Мы видели, что Герцена «спасла от нравственной гибели» вера в Россию. Конечно, здесь сказалась горячая любовь к России, которая всегда была присуща Герцену, но и вера в Россию (как раньше вера в Западную Европу) гораздо больше определялась социальными исканиями, чем национальным чувством. Герцен возлагал все свои социальные упования на русскую общину (в этом смысле Герцен, — даже более, чем славянофилы, — является создателем так называемого народничества, (см. об этом ниже, в гл. VIII). Вместе с Толстым, Достоевским, Леонтьевым, Герцен отрекается от прежнего «зона» истории (т. е. от европейской ее эпохи) и отдается мысли о «новом зоне». Критика европейской культуры у Герцена постепенно освобождается от придирчивости и всецело определяется лишь раздумьем над ошибками и неправдами прошлого. Литературная деятельность Герцена целиком уходит в публицистику, но это публицистика философская, вся пронизанная общими (новыми) взглядами на историю, на проблему прогресса. В последний период своей деятельности Герцен причисляет себя к «нигилистам»,[662] но в истолковании, которое не приближает его к современным ему Базаровым, а, наоборот, отдаляет от них. Разрыв с новым поколением очень омрачал последние годы жизни Герцена, — тем более, что он имел за собой и достаточное основание. Новое поколение, — мы будем о нем говорить в главе VIII–ой, посвященной Чернышевскому, — защищало реализм (в его достаточно примитивной форме), — Герцен же, хотя и был позитивистом, хотя и тяготел к философскому реализму, но всегда был и до конца оставался романтиком. Духовные установки у обеих сторон, при всей близости в отдельных пунктах мировоззрения, были глубоко различны, и не один Герцен болезненно переживал вытекавший отсюда разрыв.

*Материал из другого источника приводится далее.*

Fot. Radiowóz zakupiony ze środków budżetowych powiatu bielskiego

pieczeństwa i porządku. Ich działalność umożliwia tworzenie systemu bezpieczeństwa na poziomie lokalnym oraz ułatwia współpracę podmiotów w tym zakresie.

Вся заграничная эпоха жизни Герцена (1847–1870) была посвящена журнальной работе — Герцен издавал один за другим журналы свободной русской мысли. Он был близок ко всем выдающимся политическим деятелям того времени, стоял в самом центре международной революционной деятельности. Об этом он сам бесподобно рассказал в томах «Былого и Дум». Обладая значительными средствами, Герцен охотно субсидировал издания радикального характера. Одно время был он близок к Прудону, книги которого были высоко ценимы Герценом, еще когда он был в России. Впрочем, дружба с Прудоном скора оборвалась….[663] В личной жизни Герцена было тоже много трудного и тяжелого, о чем он с большой откровенностью поведал сам в «Былом и Думах». В 1870–ом году Герцен скончался.

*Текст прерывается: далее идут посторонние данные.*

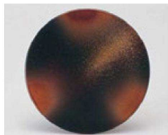
㉖ 1-505-13 TA 寿司皿 茶しぶぎ ¥930

3. Переходя к анализу философских взглядов Герцена, заметим прежде всего, что он сам никогда не приводил в систему свои философские взгляды (хотя их внутренняя связность и единство не подлежат сомнению).[664] Герцен был очень цельной натурой, к цельности в сфере идей он постоянно стремился, не щадя самых дорогих своих убеждений, но то обстоятельство, что Герцен от чистой философии перешел (уже заграницей) к философской публицистике, мешало ему в приведении в систему его философских построений. Задача историка заключается здесь в том, чтобы выделить основное в высказываниях Герцена, не следуя педантически хронологии его творчества, но, конечно, и нигде не переходя за пределы того, что мы находим у самого Герцена.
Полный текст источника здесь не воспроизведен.